Pre-draft measurables
| Height | Weight | Arm length | Hand span | 40-yard dash | 10-yard split | 20-yard split | 20-yard shuttle | Three-cone drill | Vertical jump | Broad jump |
| 6 ft 0+1⁄8 in (1.83 m) | 220 lb (100 kg) | 30+3⁄4 in (0.78 m) | 8+7⁄8 in (0.23 m) | 4.64 s | 1.66 s | 2.76 s | 4.31 s | 7.34 s | 31.0 in (0.79 m) | 9 ft 7 in (2.92 m) |
All values from NFL Combine

===Canadian Football League===
On February 22, 2007 it was announced that Payton had signed a one-year contract with the Montreal Alouettes of the CFL. He scored his first career CFL touchdown on August 2, 2007, against Toronto. Jarrett's first 100-yard rushing game came on August 9, 2007, when he rushed the ball 20 times for 160 yards and one touchdown against the Calgary Stampeders. Payton finished the season fifth in the CFL with 852 yards and fourth with eight rushing touchdowns. Payton was released by the Alouettes on July 2, 2008.

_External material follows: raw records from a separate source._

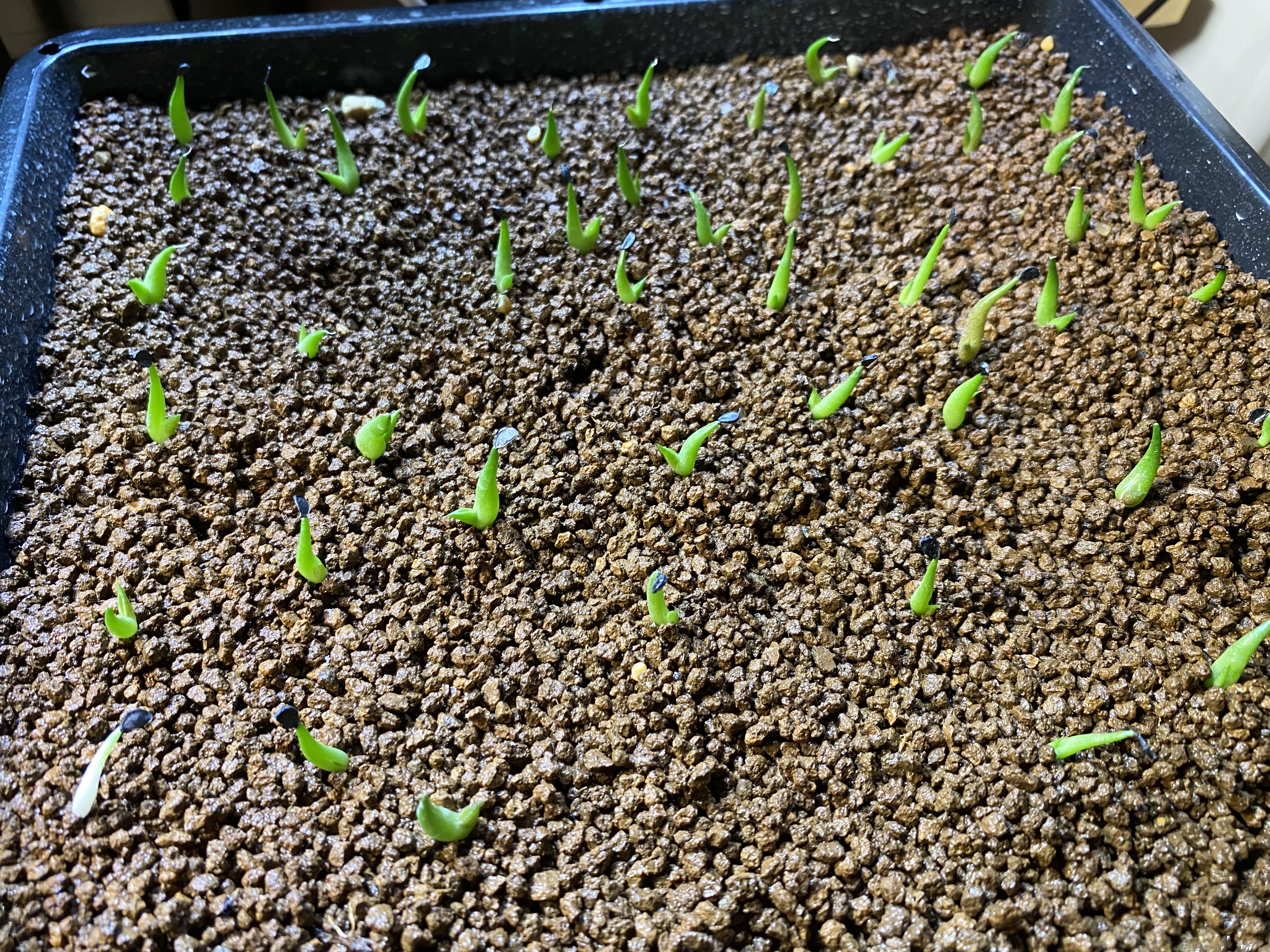 撒いて約1ヶ月おまけ分は多少発芽しないものもありましたが、購入株数分は間違えなく発芽してくれています...
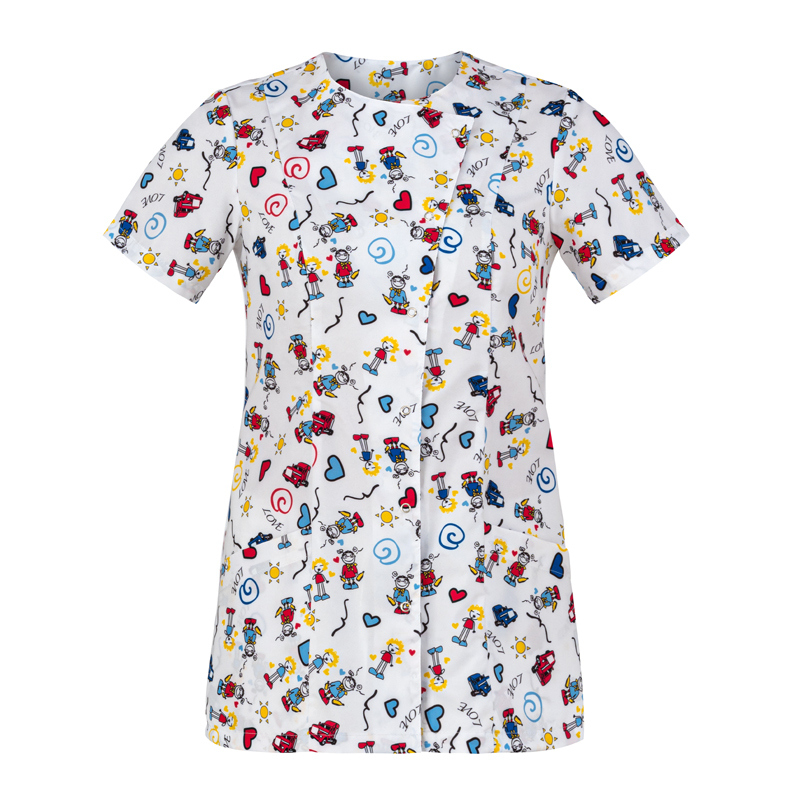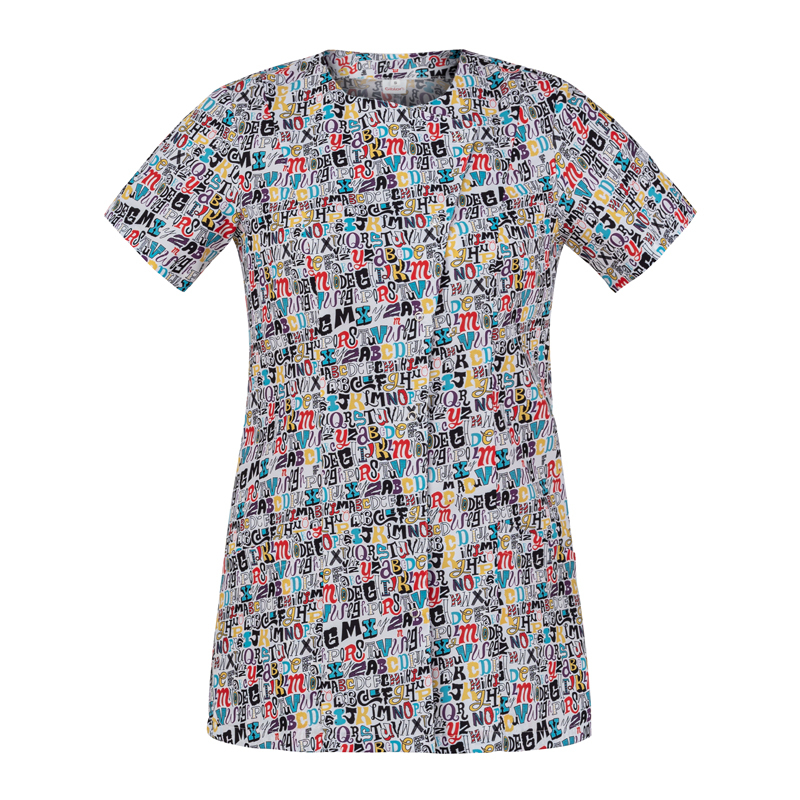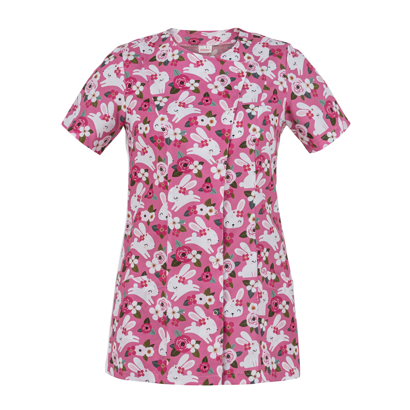 La casacca Elea è un capo fresco e sbarazzino, pensato per tutti quei professionisti che lavorano a contatto con bambini ed animali o comunque in ambienti nei quali la componente umana ha molta importanza. È proposta infatti in divertenti fantasie, da Cani, Coniglietti e Gatti, fino a Denti e Spazzolini, spaziando dalla variante Lettere e quella Lui&Lei, tutte in morbida ed ultraleggera microfibra di soli 86 g / m². Grazie all'esclusivo sistema Dry&Clean, il tessuto è dotato di caratteristiche di repellenza all'acqua e alle macchie, conferendo un aspetto sempre pulito e impeccabile. La casacca Elea presenta due pratiche tasche davanti, un'abbottonatura con automatici in nikel, e una linea Slim Fit accentuata dai tagli sul davanti e sul dietro. I due fianchetti in maglia di piquet accentuano l'areazione e quindi la sensazione di freschezza. Collezione G' Health&Wellness Collection Tessuto Dry&Clean Fresh&Stretch Ultra light Dettagli Abbottonatura a vista con automatici 2 tasche Rete nei fianchetti dietro Slim Fit
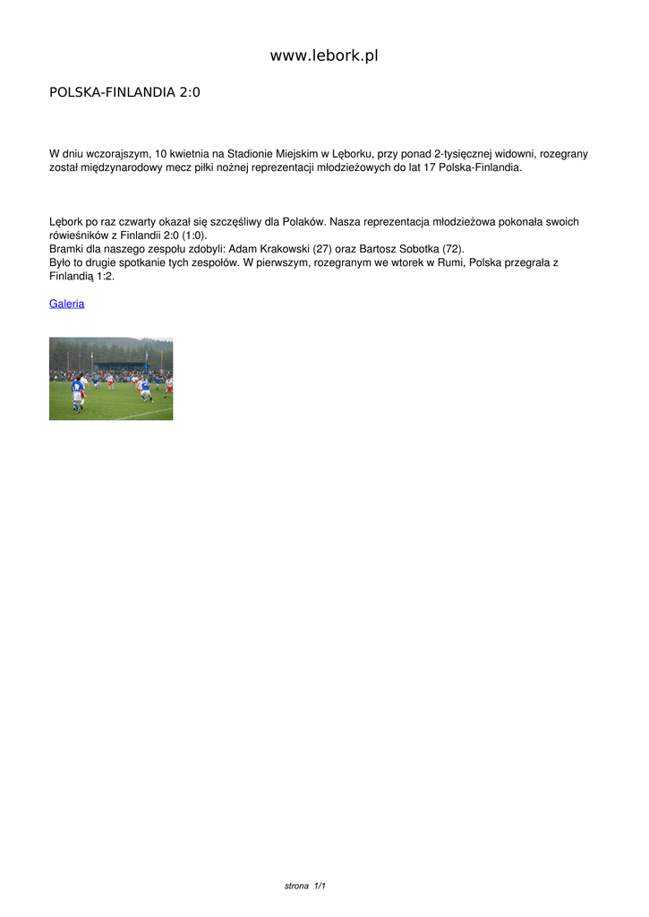 www.lebork.pl POLSKA-FINLANDIA 2:0 W dniu wczorajszym, 10 kwietnia na Stadionie Miejskim w Lęborku, przy ponad 2-tysięcznej widowni, rozegrany został międzynarodowy mecz piłki nożnej reprezentacji młodzieżowych do lat 17 Polska-Finlandia. Lębork po raz czwarty okazał się szczęśliwy dla Polaków. Nasza reprezentacja młodzieżowa pokonała swoich rówieśników z Finlandii 2:0 (1:0). Bramki dla naszego zespołu zdobyli: Adam Krakowski (27) oraz Bartosz Sobotka (72). Było to drugie spotkanie tych zespołów. W pierwszym, rozegranym we wtorek w Rumi, Polska przegrała z Finlandią 1:2. Galeria strona 1/1 Powered by TCPDF (www.tcpdf.org)
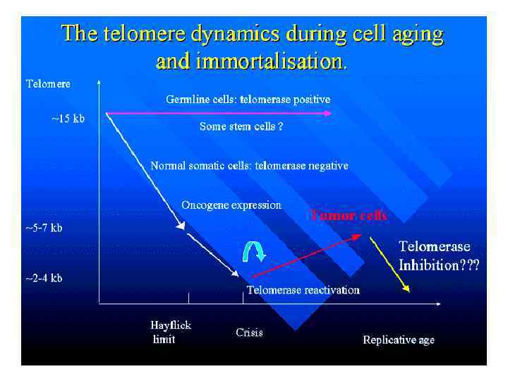 ТЕЛОМЕРЫ Теломе ры (от др. -греч. τέλος — конец и μέρος — часть) — концевые участки хромосом Исследование длины теломерных повторов лейкоцитов переферической крови, клеток эпидермиса и сперматозоидов человека (различный возраст доноров) Donor age: 10 14 38 24 31 46 58 93 Southern blot (TTAGGG)n зонд экстракция ДНК с последующей обработкой рестриктазами сокращение теломер - это молекулярные или «митотические" часы, которые лежат в основе старения [Allsopp RC et al. , Telomere length predicts replicative capacity of human fibroblasts. PNAS. 1992, 89(21), 10114 -8]

Payton signed with the Toronto Argonauts on June 7, 2009. He was released by the Argonauts, at his request, on September 9, 2009. During his time with the Argos he gained 47 all-purpose yards on three catches and seven carries. In 2010, He finished up his professional playing career with the Chicago Slaughter of the Indoor Football League. He announced that his desire was to continue work with the Chicago-based Walter & Connie Payton Foundation, which helps underprivileged children.

==Broadcast career==
On May 8, 2015, Payton was hired as a sports reporter by WGN-TV, which included a role as a host of a show on Chicagoland Television. As of 2025, Payton's role at WGN included being a sports anchor/reporter for WGN News and co-anchor of WGN's GN Sports Payton announced on July 30, 2026, that he was leaving WGN to spend more time with family.

On September 24, 2023, while covering the Chicago Bears' game against the
Kansas City Chiefs at Arrowhead Stadium for WGN, Payton recorded the
first publicly released video of Taylor Swift and Travis Kelce together,
capturing the pair leaving the stadium side by side following the game. The
four-second clip, which Payton posted to X, was widely regarded as
the first visual confirmation of the couple's then-rumored relationship and
went viral, amassing more than 15 million views within 24 hours.
Payton later said stadium security had asked him to delete the footage, which
he declined to do.

In August 2026, Payton replaced Mike "Mully" Mulligan as morning co-host with David Haugh on sports-talk "104.3 The Score" WSCR in Chicago.

==Personal life==
Payton is the son of Walter Payton, the former Chicago Bears running back. He grew up in Arlington Heights, Illinois and South Barrington, Illinois, and has a sister, Brittney. In 1993, 12-year-old Jarrett gave the induction speech at his father's induction to the Pro Football Hall of Fame. In 2024, he would induct his father's former Bears teammate Steve McMichael into the NFL Hall of Fame as well.

He wore jerseys numbered 33, 4 (Titans), and 34 (Miami). Payton chose 33 when he played with the Titans because his father's number, 34, was retired in honor of Earl Campbell.

Apart from playing football, Payton spends his time recording music.

He married the former Trisha George on March 4, 2009, in Florida. The wedding date was intentionally set on this date to coincide with Walter Payton's famous jersey number, 34. They held their reception at Soldier Field in Chicago 3 days later, March 7. The couple has two children, son Jaden and daughter Madison.

In 2011, Payton formed the Jarrett Payton Foundation. The Jarrett Payton Foundation strives to positively influence young people in and around Chicago through two core programs: the youth football camp The Jarrett Payton Leadership Academy, and the anti-bullying program PROJECT: NO BULL.